(Provided data begins)

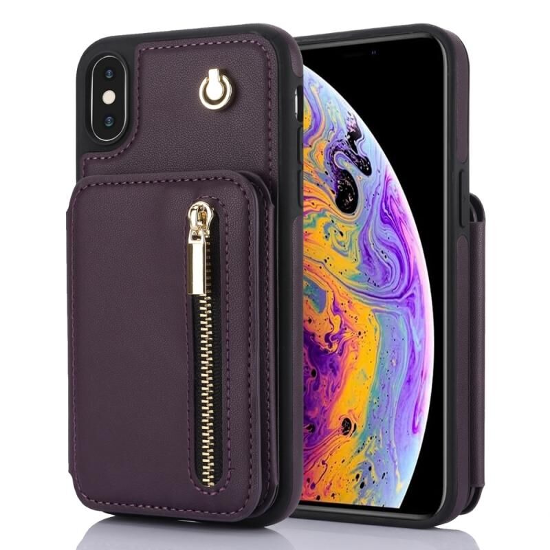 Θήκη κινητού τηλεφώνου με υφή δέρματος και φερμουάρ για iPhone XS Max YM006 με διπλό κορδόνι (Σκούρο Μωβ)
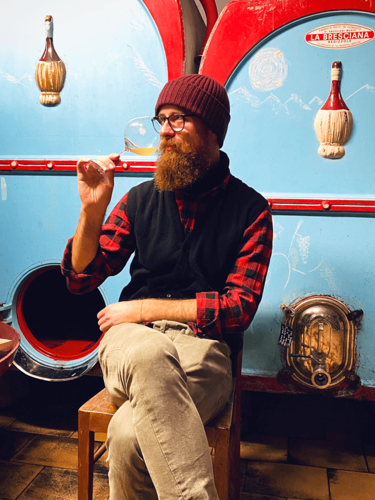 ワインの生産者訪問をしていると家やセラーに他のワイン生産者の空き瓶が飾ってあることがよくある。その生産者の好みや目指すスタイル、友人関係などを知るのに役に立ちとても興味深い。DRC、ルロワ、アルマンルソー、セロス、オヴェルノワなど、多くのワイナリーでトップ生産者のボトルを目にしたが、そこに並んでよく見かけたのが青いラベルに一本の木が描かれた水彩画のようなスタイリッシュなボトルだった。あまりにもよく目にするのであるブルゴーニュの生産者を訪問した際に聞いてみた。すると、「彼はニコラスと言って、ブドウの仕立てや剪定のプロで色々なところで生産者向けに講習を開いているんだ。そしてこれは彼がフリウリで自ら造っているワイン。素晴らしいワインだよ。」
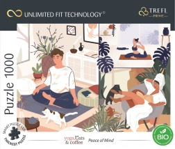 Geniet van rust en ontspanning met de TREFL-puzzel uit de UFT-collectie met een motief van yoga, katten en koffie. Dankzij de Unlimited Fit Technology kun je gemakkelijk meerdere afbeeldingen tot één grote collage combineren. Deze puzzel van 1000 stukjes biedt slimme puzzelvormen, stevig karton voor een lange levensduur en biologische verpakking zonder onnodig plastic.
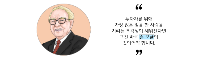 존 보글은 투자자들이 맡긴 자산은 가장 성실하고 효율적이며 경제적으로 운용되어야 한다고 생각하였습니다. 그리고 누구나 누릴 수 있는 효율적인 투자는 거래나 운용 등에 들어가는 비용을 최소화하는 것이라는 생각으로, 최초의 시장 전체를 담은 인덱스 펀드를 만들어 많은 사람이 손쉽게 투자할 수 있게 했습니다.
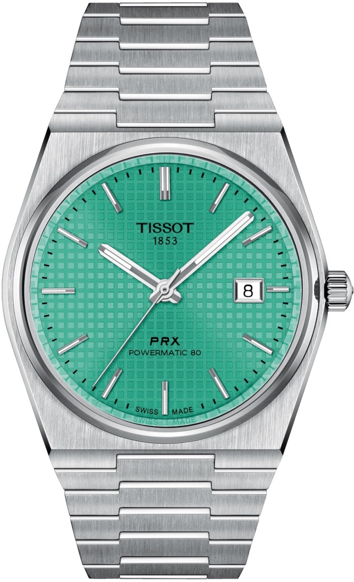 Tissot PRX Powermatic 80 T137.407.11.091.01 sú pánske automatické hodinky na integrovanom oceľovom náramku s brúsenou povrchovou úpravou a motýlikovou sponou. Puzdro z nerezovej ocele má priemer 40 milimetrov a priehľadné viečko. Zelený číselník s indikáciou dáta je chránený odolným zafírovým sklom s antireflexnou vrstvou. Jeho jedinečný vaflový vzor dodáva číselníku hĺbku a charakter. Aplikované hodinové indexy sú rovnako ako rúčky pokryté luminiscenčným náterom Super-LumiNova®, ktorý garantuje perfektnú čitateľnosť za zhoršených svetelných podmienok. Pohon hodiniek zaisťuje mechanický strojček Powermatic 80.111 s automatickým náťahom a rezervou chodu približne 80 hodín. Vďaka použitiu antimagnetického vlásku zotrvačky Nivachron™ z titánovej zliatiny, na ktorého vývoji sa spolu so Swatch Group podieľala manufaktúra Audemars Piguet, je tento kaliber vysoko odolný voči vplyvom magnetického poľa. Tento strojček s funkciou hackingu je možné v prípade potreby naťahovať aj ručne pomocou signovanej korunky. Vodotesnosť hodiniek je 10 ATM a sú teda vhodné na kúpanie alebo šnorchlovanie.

(Provided data ends)
(Provided data begins)

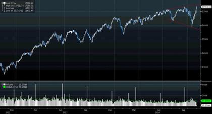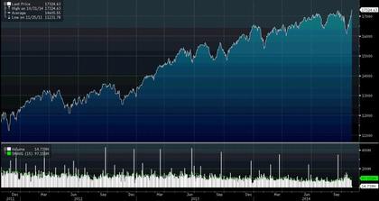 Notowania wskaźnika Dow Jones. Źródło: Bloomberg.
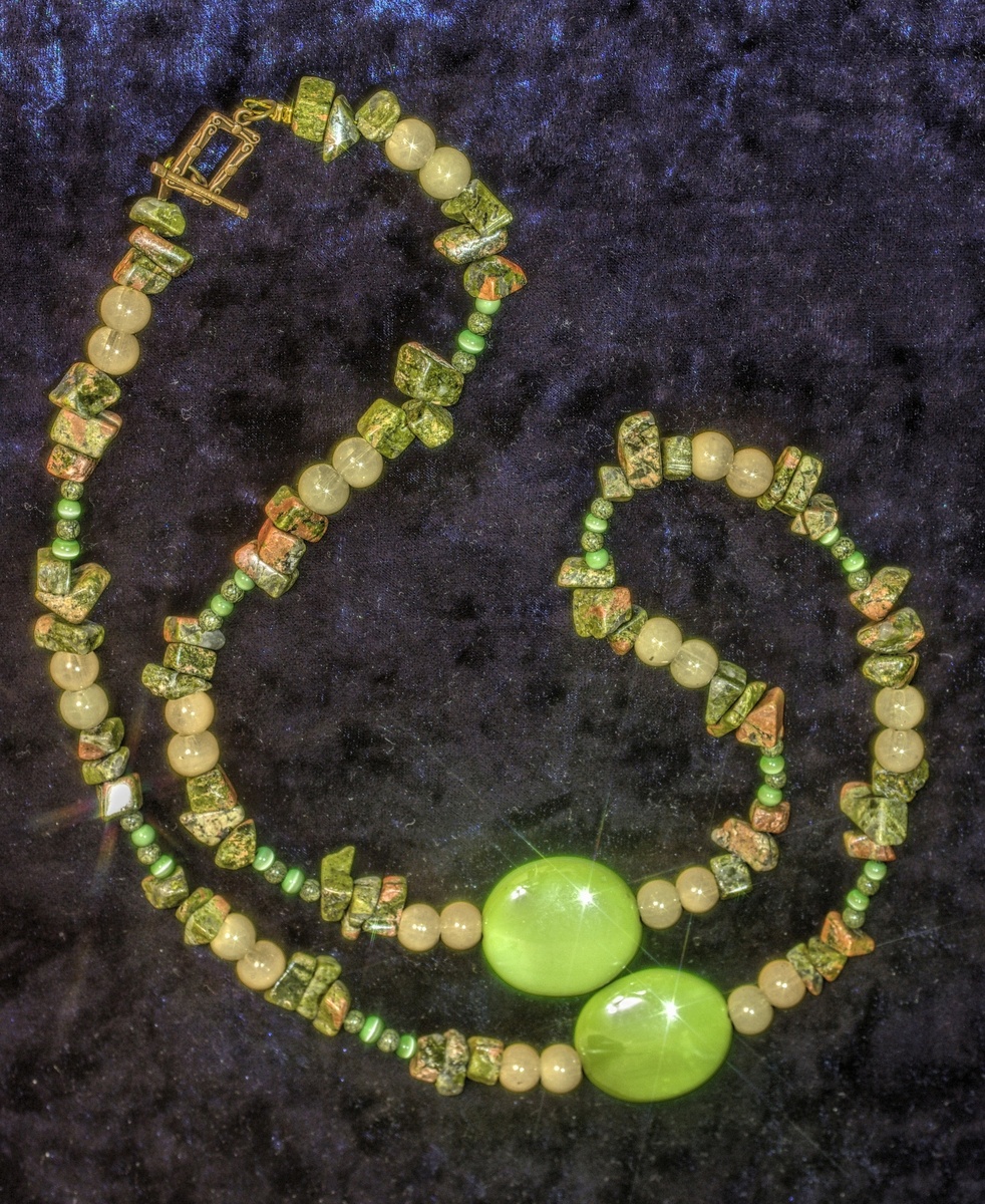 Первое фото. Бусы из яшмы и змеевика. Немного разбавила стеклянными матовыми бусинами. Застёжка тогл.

(Provided data ends)
(Provided data begins)

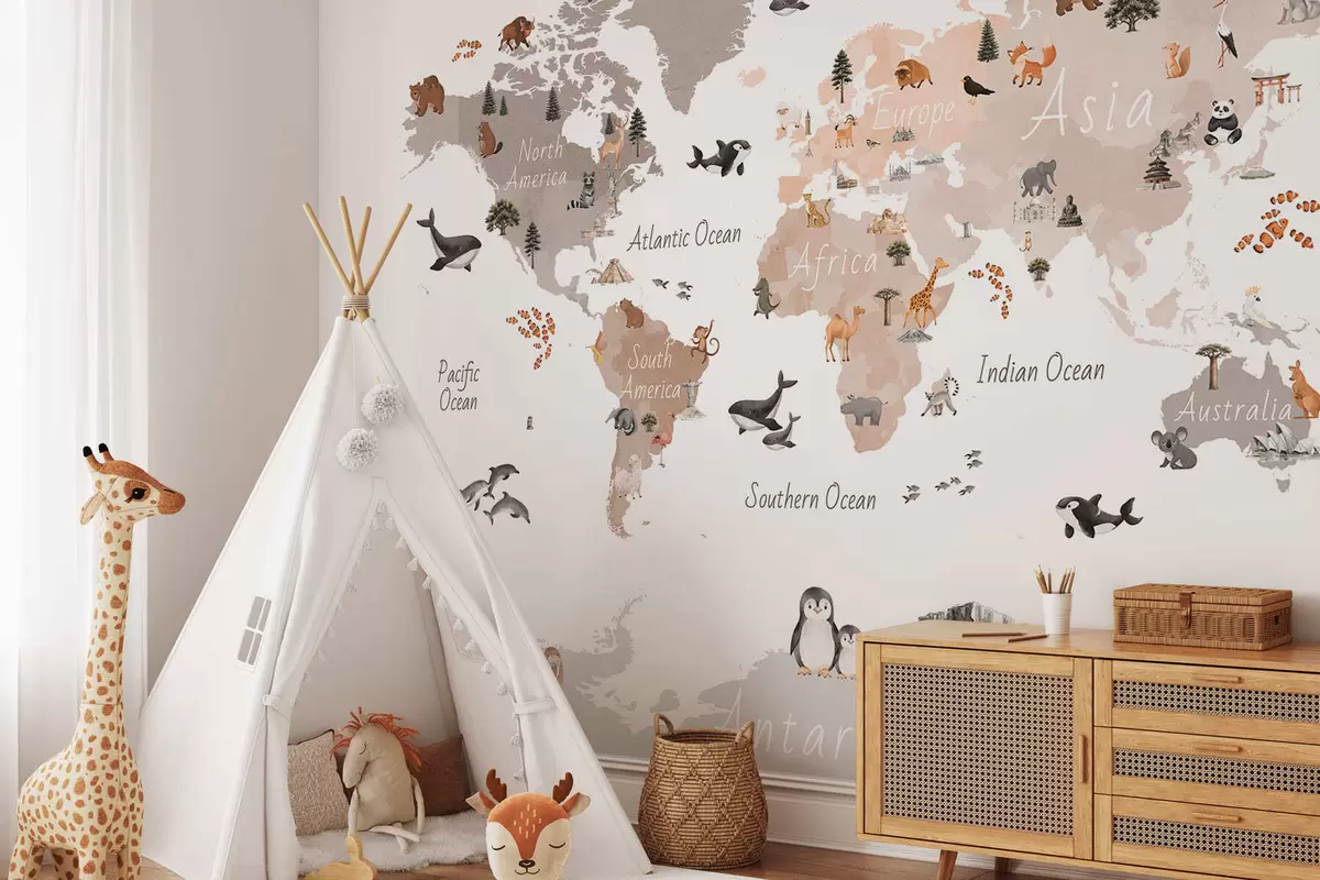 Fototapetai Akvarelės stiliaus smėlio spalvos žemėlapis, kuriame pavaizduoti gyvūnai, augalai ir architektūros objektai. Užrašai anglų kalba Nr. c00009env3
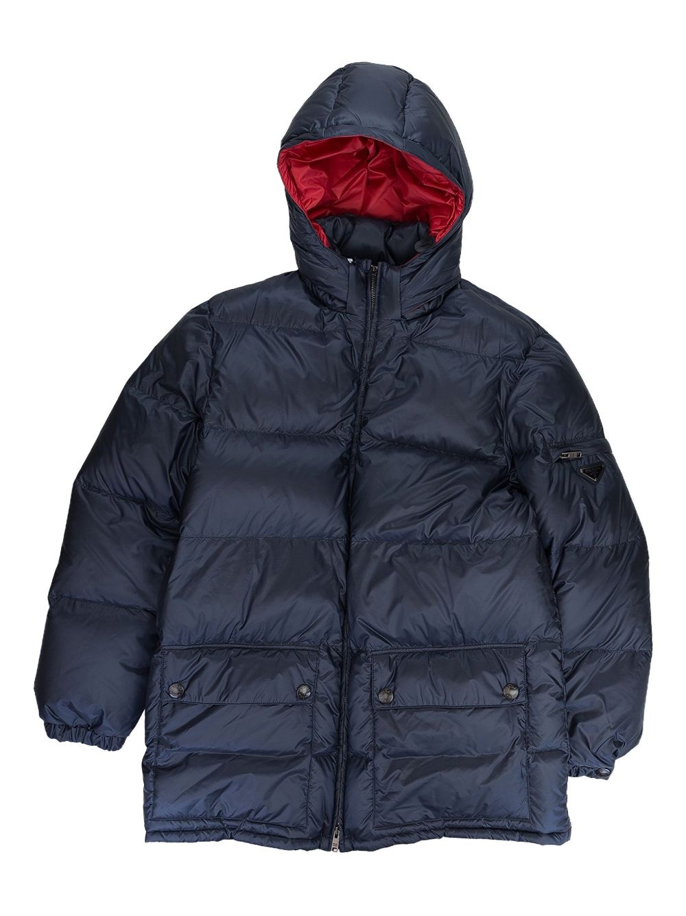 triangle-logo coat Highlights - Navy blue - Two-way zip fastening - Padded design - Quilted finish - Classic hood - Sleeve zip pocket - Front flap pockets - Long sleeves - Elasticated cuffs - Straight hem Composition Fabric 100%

(Provided data ends)

Whatever pictures the records hold, omit them; give again exactly the lines from the one containing "Notowania wskaźnika Dow" through the one containing "Первое фото. Бусы".

Response for this exercise →
 Notowania wskaźnika Dow Jones. Źródło: Bloomberg.
 Первое фото. Бусы из яшмы и змеевика. Немного разбавила стеклянными матовыми бусинами. Застёжка тогл.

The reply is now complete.